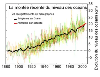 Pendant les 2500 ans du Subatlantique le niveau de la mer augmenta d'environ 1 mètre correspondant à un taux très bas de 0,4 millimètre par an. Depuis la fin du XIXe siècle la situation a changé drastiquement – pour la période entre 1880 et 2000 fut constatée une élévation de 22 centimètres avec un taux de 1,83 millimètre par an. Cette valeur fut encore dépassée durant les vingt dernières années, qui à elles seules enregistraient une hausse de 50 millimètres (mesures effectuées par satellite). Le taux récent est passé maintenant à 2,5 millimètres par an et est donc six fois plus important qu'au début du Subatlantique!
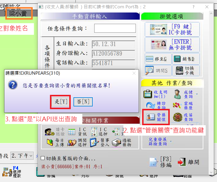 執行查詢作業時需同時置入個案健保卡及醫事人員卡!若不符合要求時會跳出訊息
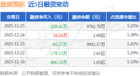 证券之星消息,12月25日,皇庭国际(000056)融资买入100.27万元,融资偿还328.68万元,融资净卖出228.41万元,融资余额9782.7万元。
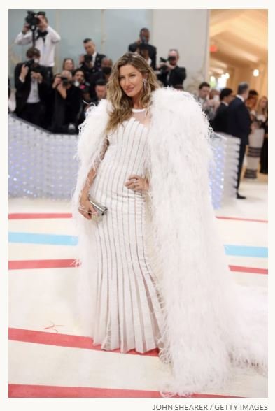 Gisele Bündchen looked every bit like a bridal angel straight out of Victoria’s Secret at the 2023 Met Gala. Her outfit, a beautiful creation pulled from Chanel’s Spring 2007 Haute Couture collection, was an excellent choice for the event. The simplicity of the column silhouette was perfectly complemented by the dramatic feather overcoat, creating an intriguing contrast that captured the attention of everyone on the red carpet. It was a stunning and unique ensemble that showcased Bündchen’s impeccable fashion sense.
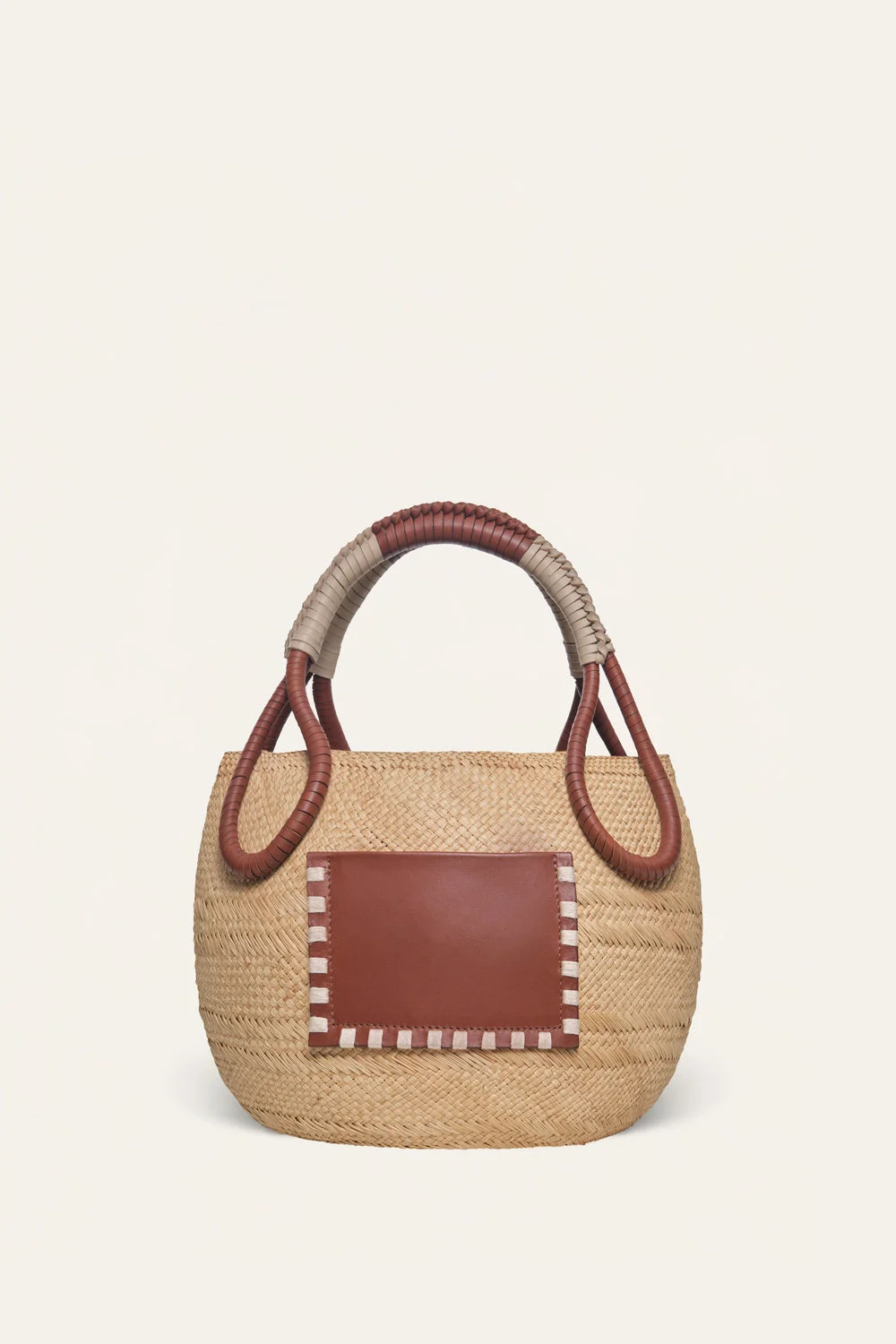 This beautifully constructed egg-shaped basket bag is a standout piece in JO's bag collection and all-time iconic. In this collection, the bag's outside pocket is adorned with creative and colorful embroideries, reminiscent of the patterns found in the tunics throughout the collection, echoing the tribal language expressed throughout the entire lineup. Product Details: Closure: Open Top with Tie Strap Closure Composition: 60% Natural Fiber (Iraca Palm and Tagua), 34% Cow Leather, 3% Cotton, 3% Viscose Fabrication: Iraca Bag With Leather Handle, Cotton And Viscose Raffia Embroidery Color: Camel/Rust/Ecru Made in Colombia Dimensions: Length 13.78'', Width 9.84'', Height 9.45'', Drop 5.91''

━━━━━━━━━━━━━━━━━━━━

**Aim of the exercise:** Repeat the records above verbatim, dropping the pictures.

**Answer to this task:**
 Pendant les 2500 ans du Subatlantique le niveau de la mer augmenta d'environ 1 mètre correspondant à un taux très bas de 0,4 millimètre par an. Depuis la fin du XIXe siècle la situation a changé drastiquement – pour la période entre 1880 et 2000 fut constatée une élévation de 22 centimètres avec un taux de 1,83 millimètre par an. Cette valeur fut encore dépassée durant les vingt dernières années, qui à elles seules enregistraient une hausse de 50 millimètres (mesures effectuées par satellite). Le taux récent est passé maintenant à 2,5 millimètres par an et est donc six fois plus important qu'au début du Subatlantique!
 執行查詢作業時需同時置入個案健保卡及醫事人員卡!若不符合要求時會跳出訊息
 证券之星消息,12月25日,皇庭国际(000056)融资买入100.27万元,融资偿还328.68万元,融资净卖出228.41万元,融资余额9782.7万元。
 Gisele Bündchen looked every bit like a bridal angel straight out of Victoria’s Secret at the 2023 Met Gala. Her outfit, a beautiful creation pulled from Chanel’s Spring 2007 Haute Couture collection, was an excellent choice for the event. The simplicity of the column silhouette was perfectly complemented by the dramatic feather overcoat, creating an intriguing contrast that captured the attention of everyone on the red carpet. It was a stunning and unique ensemble that showcased Bündchen’s impeccable fashion sense.
 This beautifully constructed egg-shaped basket bag is a standout piece in JO's bag collection and all-time iconic. In this collection, the bag's outside pocket is adorned with creative and colorful embroideries, reminiscent of the patterns found in the tunics throughout the collection, echoing the tribal language expressed throughout the entire lineup. Product Details: Closure: Open Top with Tie Strap Closure Composition: 60% Natural Fiber (Iraca Palm and Tagua), 34% Cow Leather, 3% Cotton, 3% Viscose Fabrication: Iraca Bag With Leather Handle, Cotton And Viscose Raffia Embroidery Color: Camel/Rust/Ecru Made in Colombia Dimensions: Length 13.78'', Width 9.84'', Height 9.45'', Drop 5.91''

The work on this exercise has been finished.